Jodie Sweetin and Candace Cameron Bure in a feud? Reduce it out!
There isn’t any unhealthy blood between the “Full House” stars, who performed sisters DJ and Stephanie Tanner, respectively, on the ABC sitcom that ran for eight seasons from 1987 to 1995.
Final summer season, Sweetin, 43, and Bure, 49, had completely different opinions over the Paris Olympics — with “The Jane Mysteries” star calling out conservatives for his or her harsh opinions on the opening ceremony, which featured drag queens.
Bure dubbed the quantity, which referenced Leonardo Da Vinci’s “The Last Supper,” “disgusting” and mentioned it was mocking “the Christian faith.”
Regardless of their dueling emotions, Sweetin set the file straight on the place she stands along with her on-screen sibling.
“‘Tell us you don’t know about art,’” host Amir Yass mentioned on the newest episode of his “The Vault” podcast, quoting Sweetin. “You were speaking about her…”
The “How Rude, Tanneritos!” podcast host shortly clarified: “To be honest, I wasn’t speaking about her.”
“There was already something that had happened where we went on a divergent path,” defined Sweetin. “And then I saw the Olympics thing and how people were freaking out about it, so I said, ‘Oh my God, tell me you don’t know anything about art history without telling me you know nothing,’ and everyone was like, ‘She came for Candace!’”

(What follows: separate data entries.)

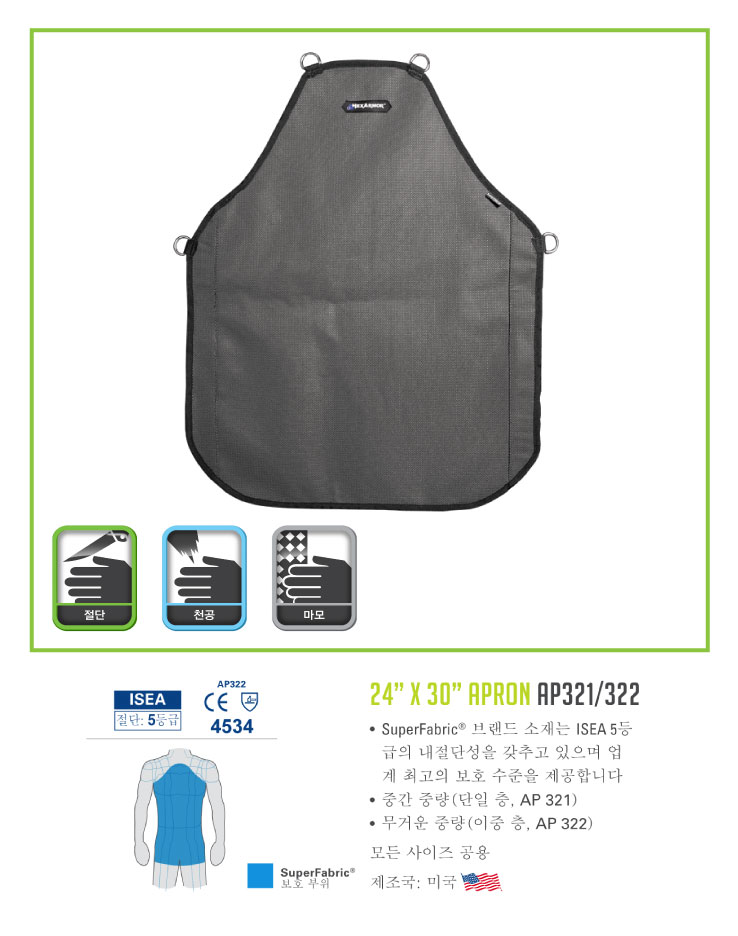 • SuperFabric? 브랜드 소재는 ISEA 5등급의 내절단성을 갖추고 있으며 업계 최고의 보호 수준을 제공합니다
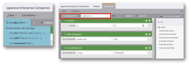 For the example Smart List, you want to include companies that have a Country value of Japan, AND either their number of employees is greater than 999 OR their company’s annual revenue is at least one billion yen, as shown here as 1 AND (2 OR 3).
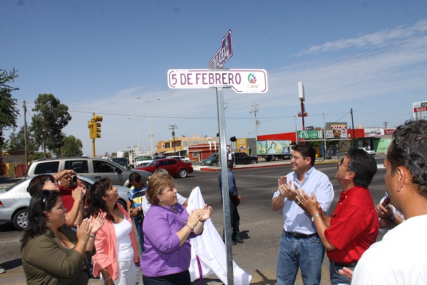 La mañana del sábado la alcaldesa y los funcionarios develaron las primeras placas de la nomenclatura en el Bulevard 5 de febrero y Bulevard Agustín Olachea y cinco de Febrero y Forjadores en ambos sentidos.

The “Fuller House” star admitted she was shocked by that rumor.
Sweetin recalled, “And I was like, ‘What the…?’ I was, like, getting a massage or something, and I came out to all of this, and I was like, ‘What did I…? Oh, she said….ohhhhhh. Well, I guess that’s it!’”
“I’m not changing anything I said,” she insisted. “But it was not an intentional dig. But it was still what I wanted to say.”

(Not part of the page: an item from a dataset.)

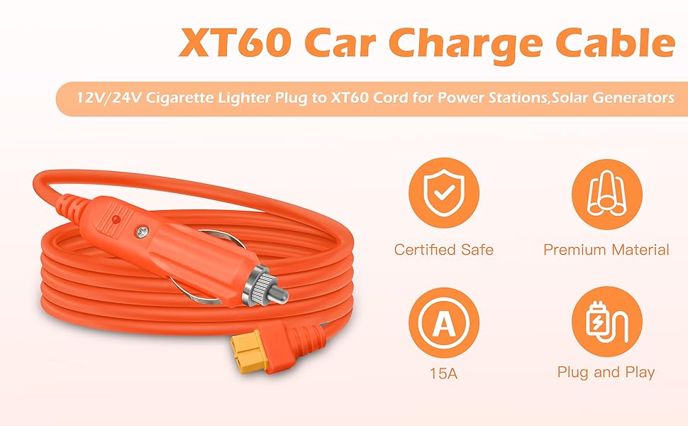 نقل سلس للطاقة من السيارة إلى الجهاز، قم بتوصيل مقبس ولاعة السجائر في سيارتك أو شاحنتك أو RV بسهولة بأي جهاز مزود بمنفذ XT60 باستخدام كابل المحول الخاص بنا. استمتع بنقل طاقة مستقر وفعال أينما ذهبت، وهو مثالي للرحلات البرية واحتياجات الطاقة المتنقلة.

“It’s funny, we’ve never actually ‘gotten into it’,” she mentioned. “She posted her viewpoint and I posted mine, and we’ve always been very different on those things. I think it was just … now all of that comes to the surface more.”

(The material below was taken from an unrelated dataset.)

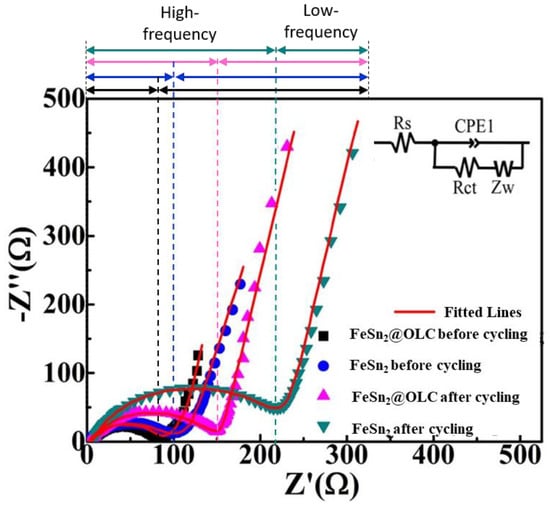 As shown in Figure 5, the EIS was carried out to investigate the electrochemical properties of the active materials: FeSn2/OLC nanocapsule-based anodes and FeSn2 nanoparticle-based anodes in LIB cells. Subsequently, the Nyquist plots were fitted with ZView software. The equivalent circuit model was composed of the following parameters: Rs (ohmic resistance), Rct (interface charge transfer resistance), CPE (constant phase element), and Zw (Warburg impedance). The high frequency intercept on the real axis represents Rs arising from the electrolyte and electrode resistances. Rct is the resistance during transfer of electrons from electrode to electrolyte. CPE is attributed to the double layer capacitance imparted by the SEI layer. Zw represents the finite diffusion of the electrons through the anode [36,37]. Owing to increased electrical conductivity and reduced volume expansion in the FeSn2/OLC nanocapsule-based anodes, they feature a lower Rs than the FeSn2 nanoparticle-based anodes, both before and after cycling [33]. The lower Rct of the FeSn2/OLC nanocapsule-based anodes facilitates faster Li+ ions diffusion and electron transfer, consequently enhancing the cycling performance even at high current densities.

The “Full House” solid — which additionally included the late Bob Saget, Lori Loughlin, John Stamos, Dave Coulier, Andrea Barber and Mary-Kate and Ashley Olsen — have at all times been shut.
A lot of the major solid, minus the Olsen twins, reunited for 5 seasons of Netflix’s “Fuller House” from 2016 to 2020.
“Candace and I have just lived very different … lifestyles,” Sweetin expressed. “We just exist in different worlds, but she is still someone I have known since I was 5 years old.”
“It’s like family members,” she added. “Maybe we don’t talk all the time, and I know if politics comes up it is not going to go well, but I don’t hate you. I am not going to not hug you, but I’m also not going to not keep my mouth shut. So that’s what I did. That’s how I look at it. You don’t want to follow or whatever, that’s cool.”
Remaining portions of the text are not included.